── Data for processing

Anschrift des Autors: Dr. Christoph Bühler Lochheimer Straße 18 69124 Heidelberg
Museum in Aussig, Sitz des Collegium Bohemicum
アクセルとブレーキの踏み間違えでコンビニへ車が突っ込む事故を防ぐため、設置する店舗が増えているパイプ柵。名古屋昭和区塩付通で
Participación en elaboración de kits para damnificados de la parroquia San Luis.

────
── Data for processing

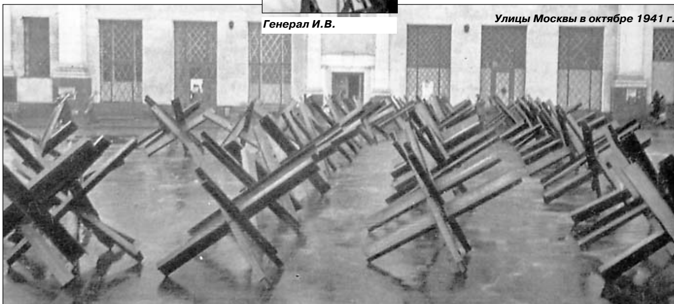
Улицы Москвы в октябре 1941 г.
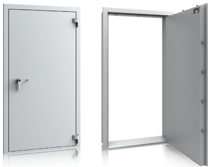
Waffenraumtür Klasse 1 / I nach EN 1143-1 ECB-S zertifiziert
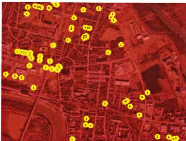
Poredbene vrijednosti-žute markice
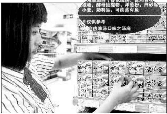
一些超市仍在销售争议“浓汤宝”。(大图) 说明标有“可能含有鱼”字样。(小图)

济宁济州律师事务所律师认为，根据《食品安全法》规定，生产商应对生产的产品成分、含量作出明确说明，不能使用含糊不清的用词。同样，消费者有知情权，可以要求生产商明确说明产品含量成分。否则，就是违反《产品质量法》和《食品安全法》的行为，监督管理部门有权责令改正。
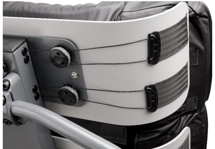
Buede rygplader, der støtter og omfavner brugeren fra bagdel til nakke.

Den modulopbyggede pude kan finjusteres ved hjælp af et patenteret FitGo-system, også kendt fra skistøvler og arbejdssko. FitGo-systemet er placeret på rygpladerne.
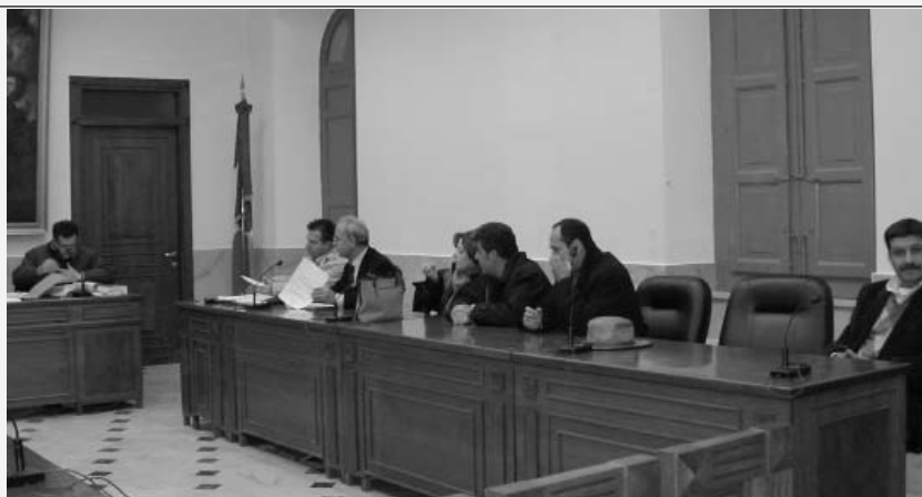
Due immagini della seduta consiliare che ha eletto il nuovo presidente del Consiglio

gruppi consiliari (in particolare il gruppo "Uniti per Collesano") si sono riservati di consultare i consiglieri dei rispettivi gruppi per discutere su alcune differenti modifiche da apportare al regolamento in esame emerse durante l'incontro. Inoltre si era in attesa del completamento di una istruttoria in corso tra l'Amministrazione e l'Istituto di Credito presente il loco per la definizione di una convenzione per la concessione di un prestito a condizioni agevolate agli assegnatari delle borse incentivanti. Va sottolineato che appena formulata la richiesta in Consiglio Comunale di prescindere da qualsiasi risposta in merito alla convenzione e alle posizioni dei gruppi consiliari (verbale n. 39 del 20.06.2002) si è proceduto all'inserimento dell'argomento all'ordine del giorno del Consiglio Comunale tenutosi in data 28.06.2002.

────

§ **About this task**: Going back to the entries above, set down exactly the lines that begin at the one with "Anschrift des Autors: Dr." and end at the one with "Participación en elaboración", both included, and nothing else.

§ **Result of this exercise**:
Anschrift des Autors: Dr. Christoph Bühler Lochheimer Straße 18 69124 Heidelberg
Museum in Aussig, Sitz des Collegium Bohemicum
アクセルとブレーキの踏み間違えでコンビニへ車が突っ込む事故を防ぐため、設置する店舗が増えているパイプ柵。名古屋昭和区塩付通で
Participación en elaboración de kits para damnificados de la parroquia San Luis.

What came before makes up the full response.